Still, this episode has me questioning whether these kids are really fighting over silly things because they’re actually upset about them, or because they’re on the show. If these are the only fights they could dream up, are they complete idiots? Possibly. Marcus was drying off while still in the pool, leaving his towel sopping wet. Audrey says that Chris (one of the identical cousins) is so old that he probably had a Blackberry that flipped open. As someone old enough to both make that identical cousins joke and own a Blackberry, I will let you know that Blackberries might have had some slide-down keyboards, but most of them didn’t open. She’s thinking of a Sidekick. I mean, open the schools. Regardless, it’s not like we’re dealing with neuroscientists here, except for maybe new girl Angelica, who is still waiting tables with the rest of them despite her degree.

Angelica shows up midway through the photo shoot, and she was clearly hired not because of her ability to use OpenTable when serving (sorry, SURving) her section. She was hired because she’s hot, horny, and another H-word about how badly she wants to be on reality TV. (Harried? Hustling? Hungry?) At least she immediately falls when entering the room, making the best possible impression on both the audience and the new group of people she’s forced to befriend. 

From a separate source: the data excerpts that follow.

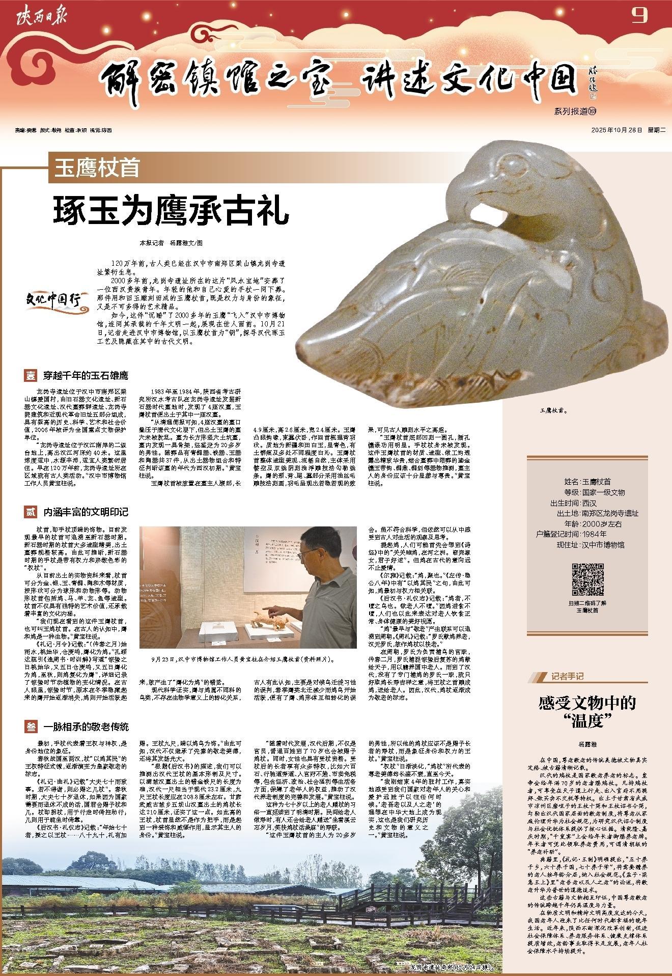 如今,这件“沉睡”了2000多年的玉鹰“飞入”汉中市博物馆,连同其承载的千年文明一起,展现在世人面前。10月21日,记者走进汉中市博物馆,以玉鹰杖首为“钥”,探寻汉代琢玉工艺及隐藏在其中的古代文明。
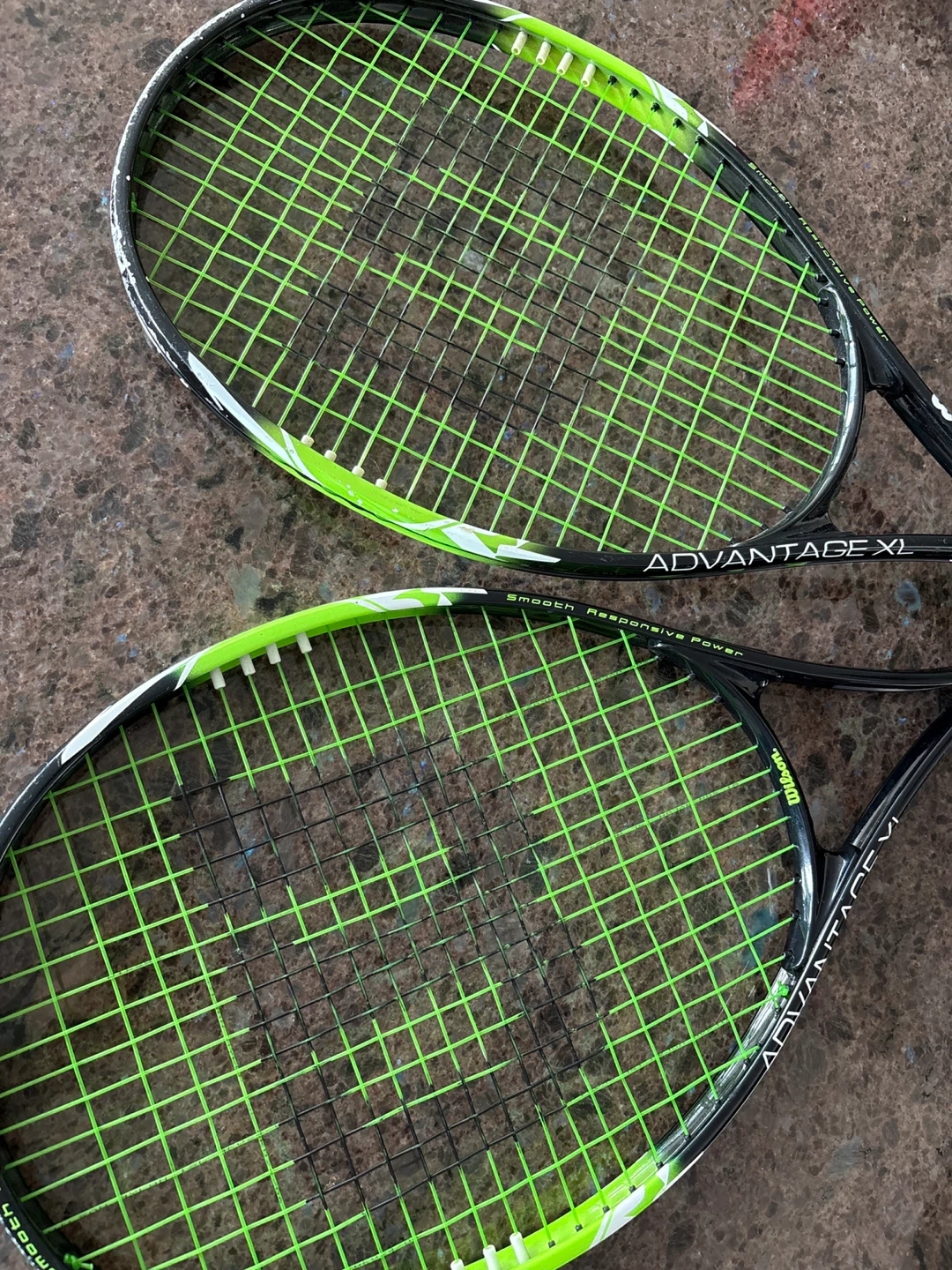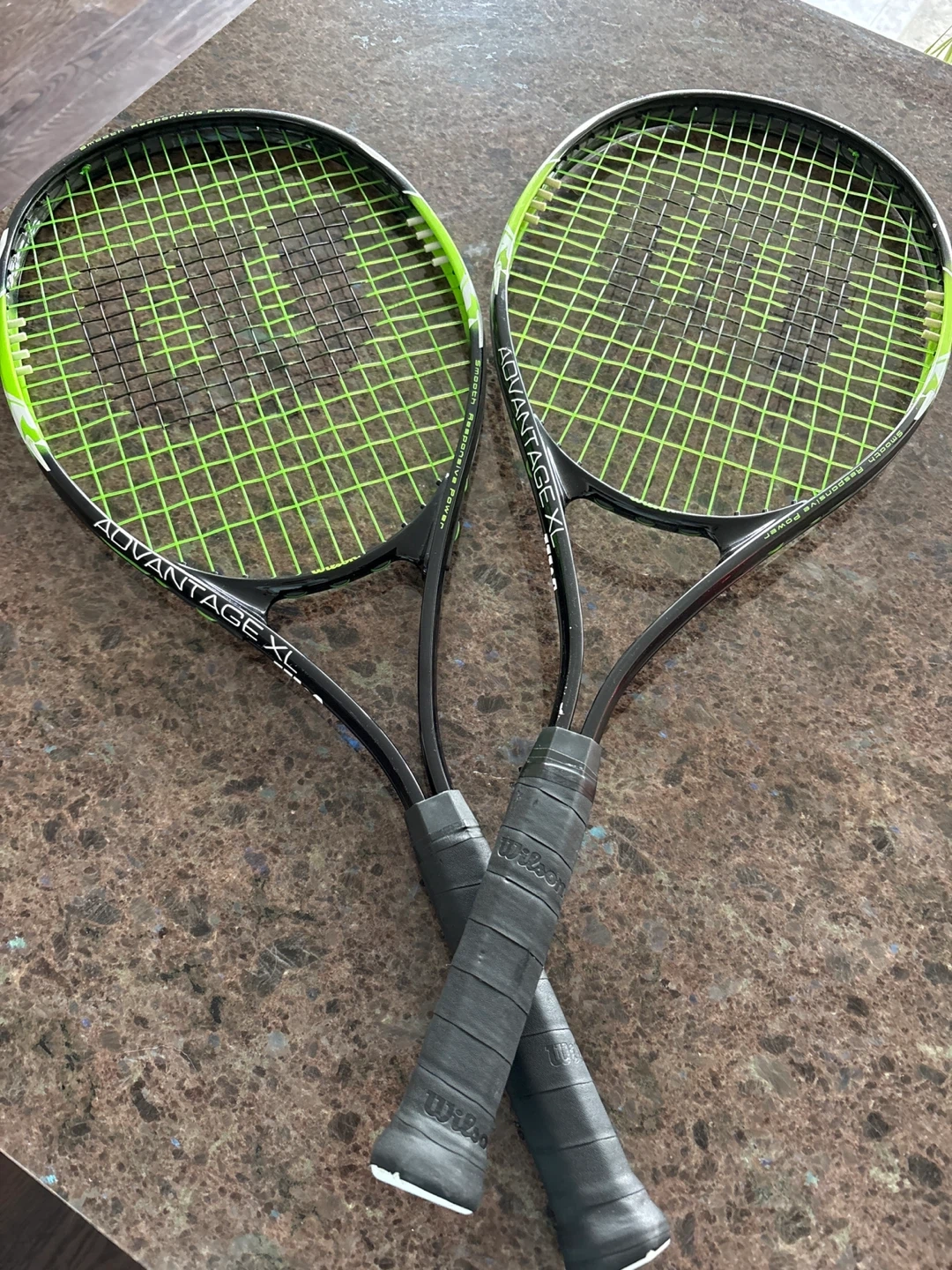 Two Wilson Advantage XL tennis racquets, used but in good condition (one has more scratch marks) - Black frames with green strings and accents. Ready for the court and super confortable!
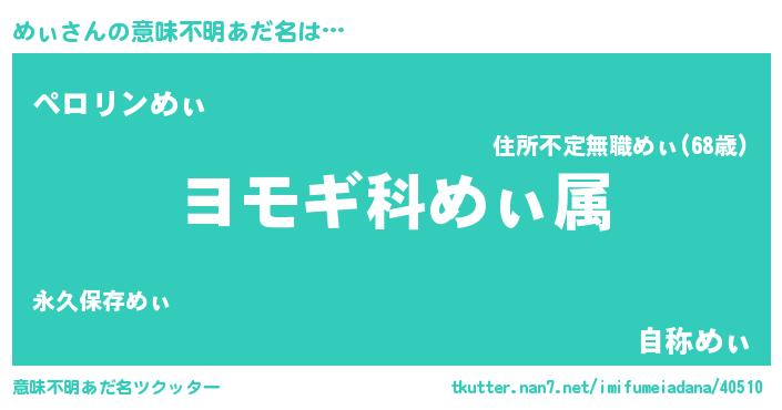 | 胡散臭い通販商品みたいなあだ名 | 『億万長者になれるブレスレット…その名も「めぃ」』 |
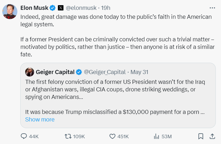 特斯拉CEO马斯克也在X平台上发布多条帖子对特朗普裁决一事进行评论。他认为,这是出于政治目的在滥用法律,极大地损害了公众对美国司法系统的信任。“如果一位前总统因为这样一件微不足道的事情而被定罪——出于政治动机,而不是为了正义——那么任何人都有可能遭遇同样的命运。”
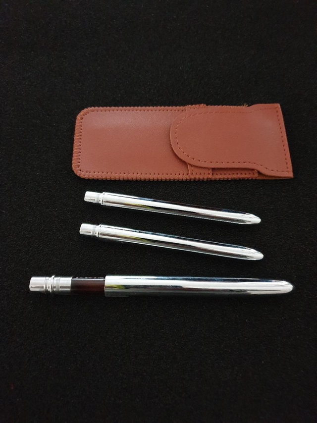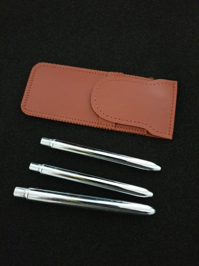 Etui en cuir et ses 3 pinceaux de voyage, manche en métal, démontable, poils imitation martre Kolinsky, taille 4,8,12.

That’s not the main event of the photo shoot. That happens when Venus pulls Marcus aside when he realizes that Marcus and Kim have, once again, gotten back together. “We never had a conversation about being back together; we’re just back together. Isn’t that the beauty of a toxic relationship?” Marcus asks us in confessional. Venus’s problem is that he spent the whole previous night at Audrey’s 22nd birthday party comforting Kim as she sobbed to anyone within earshot that Marcus said he was falling out of love with her. Well, he was certainly falling into something following the party. 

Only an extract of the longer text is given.